Тим просмотрел фотографии членов семьи. Мать засняли, когда она стояла в саду, согнувшись в талии, смеясь. Красивые, хорошо обрисованные черты лица, густые волосы забраны назад в хвост.
Тим по столу перекинул фотографию Роберту и ждал его реакции, предвкушая, что он прокомментирует ее внешность. Но когда Роберт поднял фотографию, выражение его лица смягчилось и на нем отразились горе и нежность – столь искренние, что Тим почувствовал острый укол совести.
Они просмотрели остальные бумаги из папки, а потом, по распоряжению Аненберг, в деталях проанализировали все дело с самого начала, комментируя документы и споря о доказательствах. Наконец они проголосовали: пять голосов за то, что подозреваемый невиновен, два – Роберт и Митчелл – за то, что виновен.
Тим испытал нечто, напоминающее облегчение.
Рейнер положил папку обратно в сейф. Роберт демонстративно вздохнул и громко зашуршал бумагами.
Тим посмотрел на часы: почти полночь.
– Следующее дело. – Рейнер открыл огромную папку, набитую листами бумаги и газетными статьями, и объявил:
– Дело, с которым, я уверен, мы все знакомы. Джедедайя Лейн.
– Парень, который пронес чемодан с нервно-паралитическим газом в Бюро переписи населения в центре города. И знаете, где он его оставил? – глаза Роберта горели яростью. – Возле электропроводки на первом этаже. Восемьдесят шесть смертей. Включая кучку второклассников, пришедших на экскурсию.
Дюмон пролистал протокол задержания:
– ФБР получило ордер на обыск его дома после того, как к ним пришел сосед и сообщил, что в то утро видел Лейна возле дома с похожим металлическим чемоданом.
– Этого было достаточно, чтобы получить ордер на обыск? – спросила Аненберг.
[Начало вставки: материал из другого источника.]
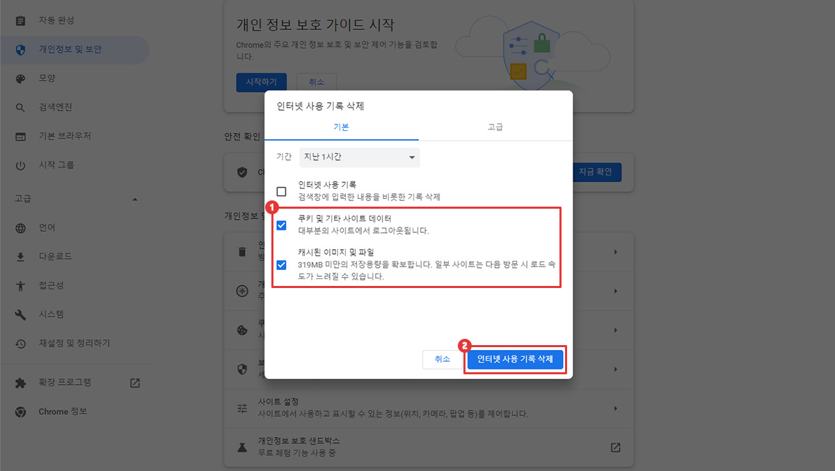 쿠키 및 기타 사이트 데이터와 캐시된 이미지 및 파일 삭제를 체크한 후 인터넷 사용 기록 삭제 버튼을 누릅니다.
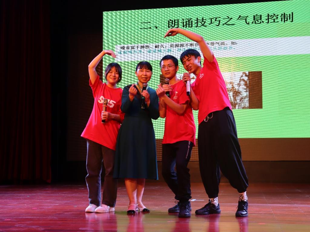 讲座从对朗诵的初步了解、共鸣控制训练、声音的特性等角度出发,深入浅出地引导学生对朗诵技巧的学习。郑尔君老师风趣幽默的授课风格,瞬间带动在场的所有人。郑老师表示,胸腹联合呼吸法讲究快吸慢呼,即快速短促地吸气并保持呼吸,呼气时缓缓呼出,配合声音,平稳均匀。她用渊博的专业知识和通俗易懂的语言,在潜移默化中激发了学生对朗诵的兴趣。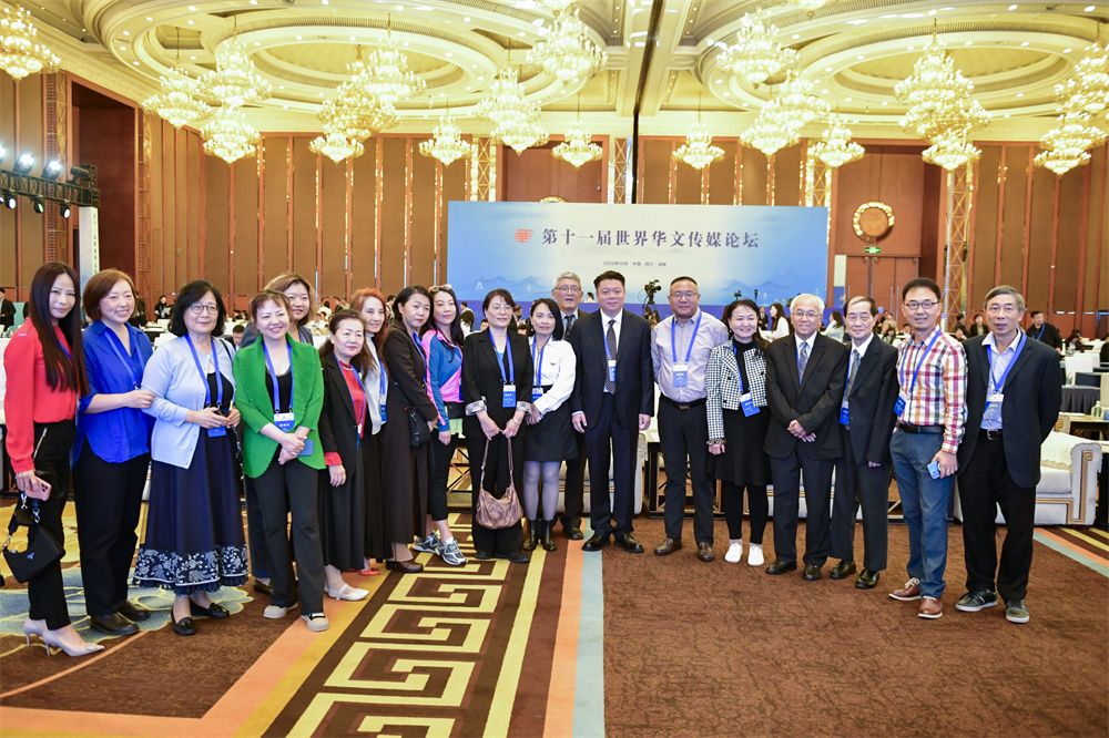 10月23日,由国务院侨务办公室、四川省人民政府和中国新闻社主办的第十一届世界华文传媒论坛在成都开幕。本届论坛以“融通中外,共谱新章”为主题,来自五大洲59个国家和地区的近300家华文媒体代表人士参加论坛。图为部分与会华文媒体代表在会场合影留念。

– И этого, и того, что Лейн состоял в нескольких экстремистских организациях. Судья выдал ордер, но не разрешил обыскивать его дом ночью. Но дело в том, что у следователей было других важных дел по горло. Им пришлось связаться с парнем из группы экстремистов из Анахайма, который собирал заряды для гранатомета М-16. Когда они в конце концов явились к дому Лейна, на их стук никто не ответил. Дверь была заблокирована изнутри двумя досками. Когда полицейские тараном открыли дверь, они свалили стол и среди прочих вещей, сломали часы. Знаете, какое время они показывали? – Дюмон захлопнул папку. – Девятнадцать ноль три.
Митчелл поморщился:
– Три минуты.
– Точно. Право на дневной осмотр заканчивается ровно в девятнадцать.
– Глупо, – пробормотал Аист. – Почему они не подождали до утра?
– Они вообще не проверили ордер. Наверное, подумали, что он стандартный. Не забывайте, у них этих ордеров была целая куча.
– Что они нашли? – спросил Тим.
– Карты, схемы, диаграммы, записи, контейнеры с остатками нервно-паралитического газа. Лабораторное оборудование, необходимое для того, чтобы создавать химическое оружие.
– И эти улики аннулировали?
– Все до единой. Прокурор пытался вылезти на основе показаний очевидца и нескольких пробирок, найденных позднее в машине Лейна, но этого оказалось недостаточно.
– После оправдания ему несколько раз угрожали смертью, поэтому он ушел в подполье, – сказал Дюмон. – Его дружки-экстремисты поселили его в безопасном месте.
– Тогда он, скорее всего, на каком-нибудь ранчо отсиживался за спинами кучки экстремистски настроенных придурков, – сказал Митчелл. – У этих ребят боеприпасов хватает.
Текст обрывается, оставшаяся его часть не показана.